** ASSIGNMENT **
Word for word, please copy the listing below, with its pictures left out.

BEGIN MATERIAL SUPPLIED

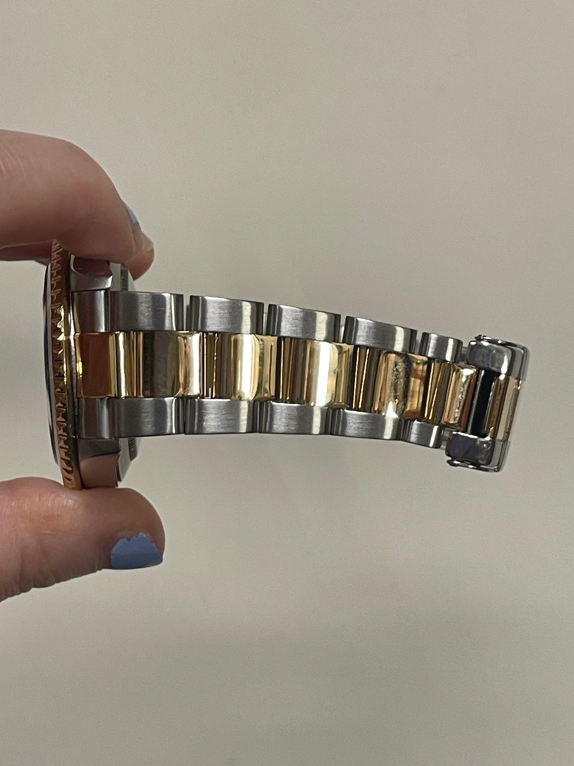 Condition: 9/10- Watch has been polished and is in excellent condition! Tiny scratch on top of bezel insert. This is a no holes case solid end link with the gold through clasp. Great timepiece overall! The crown emblem on the clasp is slightly over polished, but still visible and will look great on the wrist.
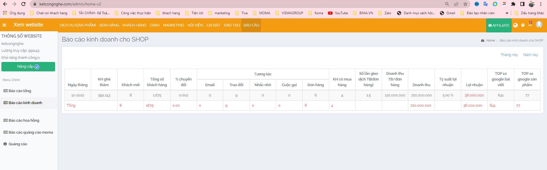 Số khách hàng Tiềm năng Tỷ lệ chuyển đôi Khách hàng có mua hàng DS Trung bình/ đơn hàng Doanh Thu Tỷ suất lợi nhuận Lợi nhuận Top bài viết Google
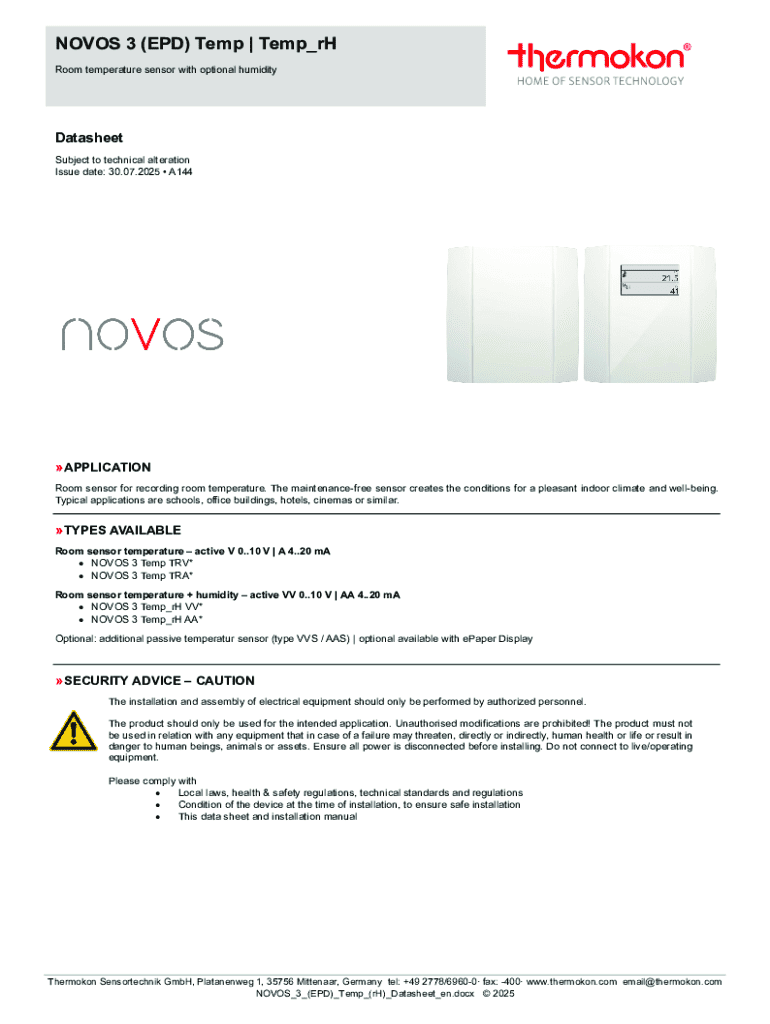NOVOS 3 (EPD) Temp | Temp_rH Room temperature sensor with optional humidityDatasheet Subject to technical alteration Issue date: 30.07.2025A144 APPLICATION Room sensor for recording room temperature.
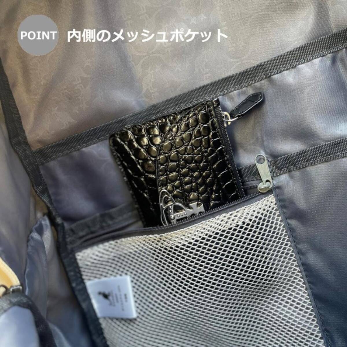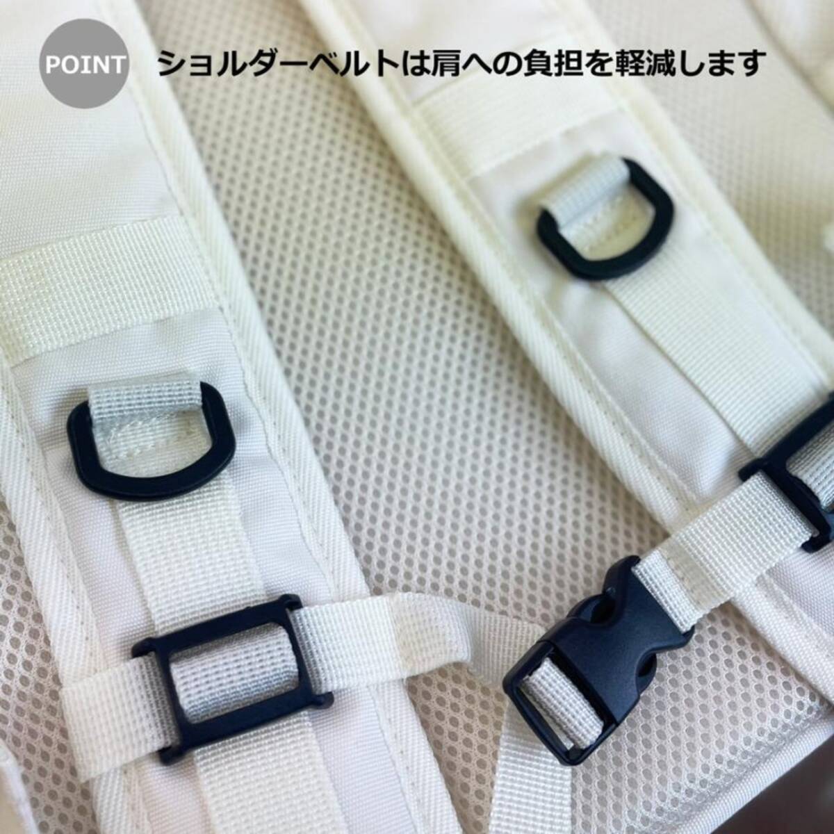 背面はメッシュ加工で蒸れにくく、ショルダーベルトは肩への負担を軽減します。
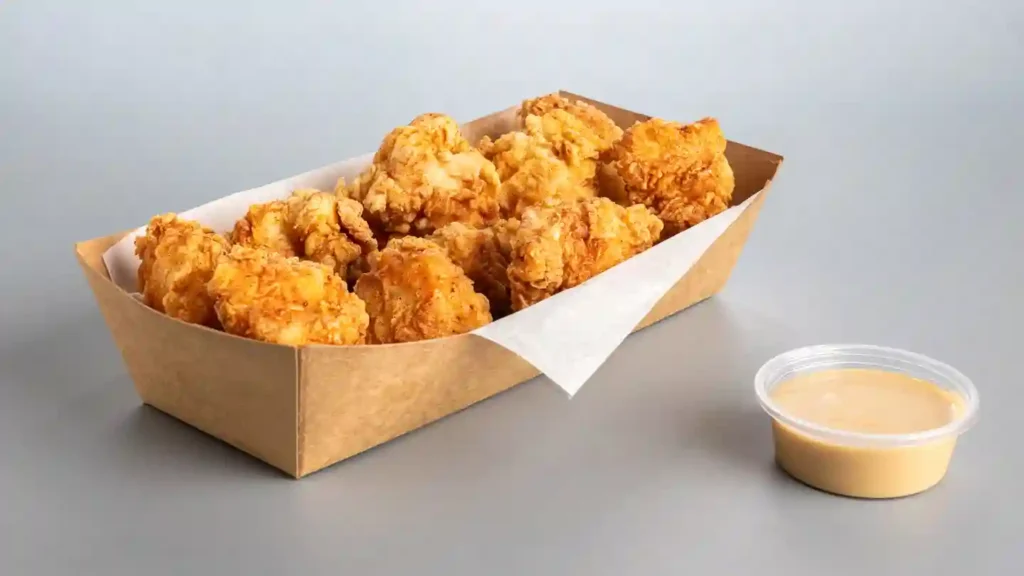 נגיסי עוף בציפוי קריספי. המנה מוגשת עם רוטב איולי חרדל מייפל בצד
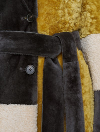 The Martel Overlay Shearling Coat is a relaxed, belted style crafted from supple, lightweight leather. This luxurious coat features a colour block design, expertly blending three distinct shearling textures: a short-pile, a wavy, and a curly variety. It delivers on comfort and warmth, while leaving room for layering. Model wears size FR 40/UK 12/EU 38/US 8/DE 38/IT 44/JP 11 Details - Designed for a relaxed fit - Single-breasted - Side pockets - Removable belt - Product code: jf0094430240 Care & Materials - 100% Sheepskin - Do not wash - Do not bleach - Do not iron - Do not tumble dry - Do not dry clean - Cleaning by a leather specialist only
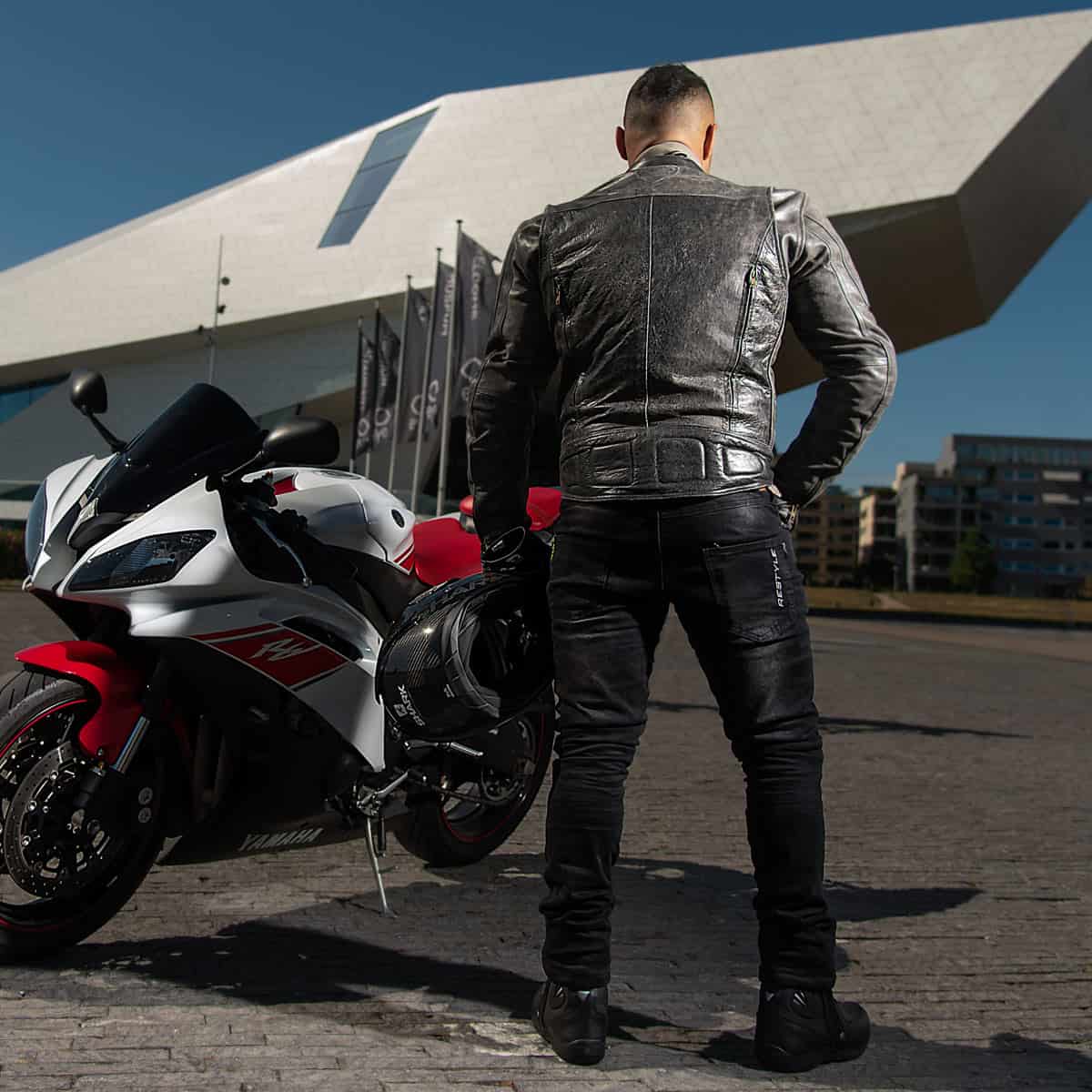 De Jacky motorjas is een klassiek uitgesneden jas, gemaakt van hoogwaardige topkwaliteit volnerf rundleder. Het uiterlijk van Jacky mag er dan klassiek uitzien, hij bevat echter wel alle hedendaagse technologieën.Hij is extreem soepel en dat voel je gelijk als je de jas aantrekt. Het jack belicht het concept van een stoere klassieke jas en hij is gemaakt van een handmatig geselecteerd, fraai behandeld leer. Hierdoor ontstaat een exclusief retro product dat als noviteit geldt binnen de motorwereld. Het uitzonderlijk zachte, en toch uiterst slijtvaste leer is behandeld tot een mooie exclusieve kleur, die voor voorbijgangers het omkijken waard is, waar je je ook vertoont. Dankzij het toepassen van onze extreem veilige en vooral soepele CE-level II protectoren op de rug, schouders en ellebogen, wordt het stijlvolle uiterlijk van dit jack behouden. Sterker nog, de op maat gesneden pasvorm en unieke uitstraling zal een ieder op het verkeerde been zetten door de suggestie met een uiterst modieus leren vrijetijds jas te maken te hebben, terwijl het jack in werkelijkheid 100% voorbereid is voor gebruik op de motor. Dankzij de korte en lange ritssluiting kun je dit jack aan je RESTYLE jeans, leren of Cordura broek vastmaken.
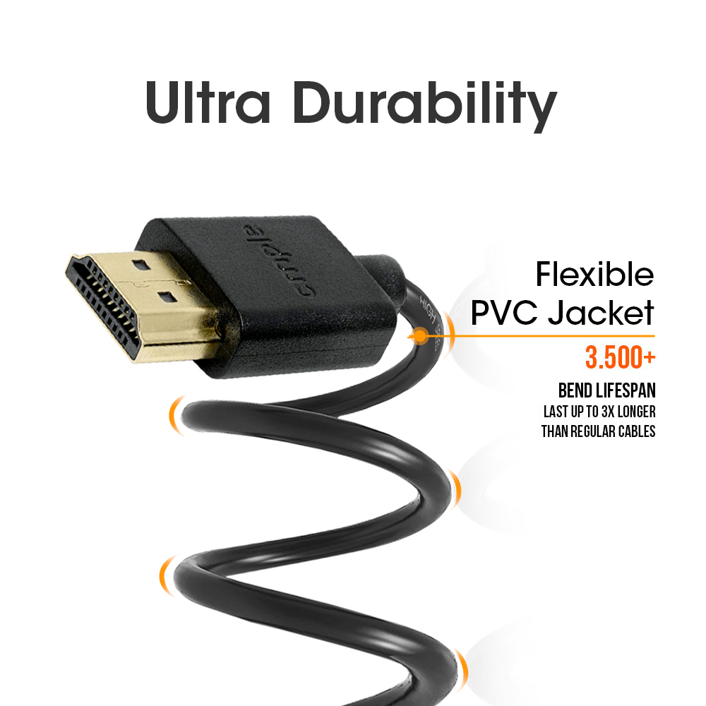 ULTRA-HD features include support for 3D, 4K x 2K UHD TV ULTRA-THIN – Super Slim HDMI cable feature an ultra-slim jacket that makes them flexible, and was specially designed for connections in tight spaces With our HDMI Cables you have a pure digital connection between HDMI-equipped display devices and HDMI-enabled digital video sources. ULTRA-HD – The cable is 3D, 4K x 2K – compatible and offers high-speed Internet connectivity – no need for a separate Ethernet cable. With the ability to support audio return channel, the super slim cable also allows TVs to return audio to an AV receiver or other audio controllers. Thanks to the durable PVC jacket, you can be assured of noise-free signals, delivered through the conductor. Perfect for Installers and systems integrator, making this the perfect cable for easy installation. The male to male HDMI cable has a length of 3 feet, giving you enough room to maneuver it around your home or system. Experience the latest HDMI features including: 10.2Gbps data throughput ULTRA-HD features include support for 3D, 4K x 2K UHD TV 4K-Support: Video Resolutions up to 4096 x 2048, 480i, 480p, 720p, 1080i, 1080p, and 2560 x 1600 resolution Fully HDCP compliant to provide highest level of signal quality A superb cable with excellent audio-visual transfer properties that deliver signal without compromising purity and balance Excellent audio-visual transfer properties that deliver signal without compromising purity and balance Delivers vibrant and rich colors Gold-plated terminals ensure long-lasting, corrosion-free connections Ethernet Channel for sharing Internet between HDMI devices HDMI cable with Audio Return – Combines both audio and video into one cable. Color: Black Length: 15 FT
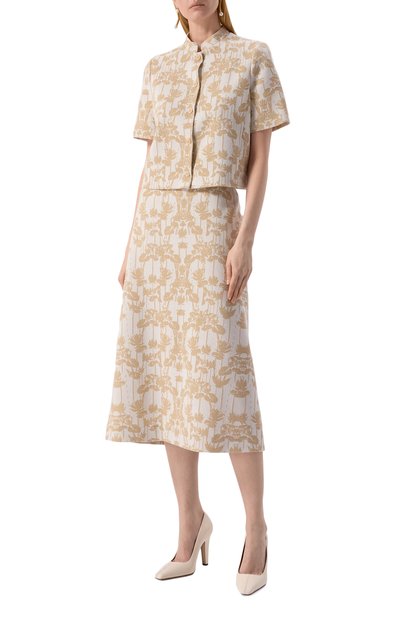 Жакет связали фактурным узором из микса вискозы и полиэстера. Фигурные лацканы и боковые карманы модели украсили объемным кантом с гранеными бусинами в тон.

END MATERIAL SUPPLIED

** ANSWER **
 Condition: 9/10- Watch has been polished and is in excellent condition! Tiny scratch on top of bezel insert. This is a no holes case solid end link with the gold through clasp. Great timepiece overall! The crown emblem on the clasp is slightly over polished, but still visible and will look great on the wrist.
 Số khách hàng Tiềm năng Tỷ lệ chuyển đôi Khách hàng có mua hàng DS Trung bình/ đơn hàng Doanh Thu Tỷ suất lợi nhuận Lợi nhuận Top bài viết Google
NOVOS 3 (EPD) Temp | Temp_rH Room temperature sensor with optional humidityDatasheet Subject to technical alteration Issue date: 30.07.2025A144 APPLICATION Room sensor for recording room temperature.
 背面はメッシュ加工で蒸れにくく、ショルダーベルトは肩への負担を軽減します。
 נגיסי עוף בציפוי קריספי. המנה מוגשת עם רוטב איולי חרדל מייפל בצד
 The Martel Overlay Shearling Coat is a relaxed, belted style crafted from supple, lightweight leather. This luxurious coat features a colour block design, expertly blending three distinct shearling textures: a short-pile, a wavy, and a curly variety. It delivers on comfort and warmth, while leaving room for layering. Model wears size FR 40/UK 12/EU 38/US 8/DE 38/IT 44/JP 11 Details - Designed for a relaxed fit - Single-breasted - Side pockets - Removable belt - Product code: jf0094430240 Care & Materials - 100% Sheepskin - Do not wash - Do not bleach - Do not iron - Do not tumble dry - Do not dry clean - Cleaning by a leather specialist only
 De Jacky motorjas is een klassiek uitgesneden jas, gemaakt van hoogwaardige topkwaliteit volnerf rundleder. Het uiterlijk van Jacky mag er dan klassiek uitzien, hij bevat echter wel alle hedendaagse technologieën.Hij is extreem soepel en dat voel je gelijk als je de jas aantrekt. Het jack belicht het concept van een stoere klassieke jas en hij is gemaakt van een handmatig geselecteerd, fraai behandeld leer. Hierdoor ontstaat een exclusief retro product dat als noviteit geldt binnen de motorwereld. Het uitzonderlijk zachte, en toch uiterst slijtvaste leer is behandeld tot een mooie exclusieve kleur, die voor voorbijgangers het omkijken waard is, waar je je ook vertoont. Dankzij het toepassen van onze extreem veilige en vooral soepele CE-level II protectoren op de rug, schouders en ellebogen, wordt het stijlvolle uiterlijk van dit jack behouden. Sterker nog, de op maat gesneden pasvorm en unieke uitstraling zal een ieder op het verkeerde been zetten door de suggestie met een uiterst modieus leren vrijetijds jas te maken te hebben, terwijl het jack in werkelijkheid 100% voorbereid is voor gebruik op de motor. Dankzij de korte en lange ritssluiting kun je dit jack aan je RESTYLE jeans, leren of Cordura broek vastmaken.
 ULTRA-HD features include support for 3D, 4K x 2K UHD TV ULTRA-THIN – Super Slim HDMI cable feature an ultra-slim jacket that makes them flexible, and was specially designed for connections in tight spaces With our HDMI Cables you have a pure digital connection between HDMI-equipped display devices and HDMI-enabled digital video sources. ULTRA-HD – The cable is 3D, 4K x 2K – compatible and offers high-speed Internet connectivity – no need for a separate Ethernet cable. With the ability to support audio return channel, the super slim cable also allows TVs to return audio to an AV receiver or other audio controllers. Thanks to the durable PVC jacket, you can be assured of noise-free signals, delivered through the conductor. Perfect for Installers and systems integrator, making this the perfect cable for easy installation. The male to male HDMI cable has a length of 3 feet, giving you enough room to maneuver it around your home or system. Experience the latest HDMI features including: 10.2Gbps data throughput ULTRA-HD features include support for 3D, 4K x 2K UHD TV 4K-Support: Video Resolutions up to 4096 x 2048, 480i, 480p, 720p, 1080i, 1080p, and 2560 x 1600 resolution Fully HDCP compliant to provide highest level of signal quality A superb cable with excellent audio-visual transfer properties that deliver signal without compromising purity and balance Excellent audio-visual transfer properties that deliver signal without compromising purity and balance Delivers vibrant and rich colors Gold-plated terminals ensure long-lasting, corrosion-free connections Ethernet Channel for sharing Internet between HDMI devices HDMI cable with Audio Return – Combines both audio and video into one cable. Color: Black Length: 15 FT
 Жакет связали фактурным узором из микса вискозы и полиэстера. Фигурные лацканы и боковые карманы модели украсили объемным кантом с гранеными бусинами в тон.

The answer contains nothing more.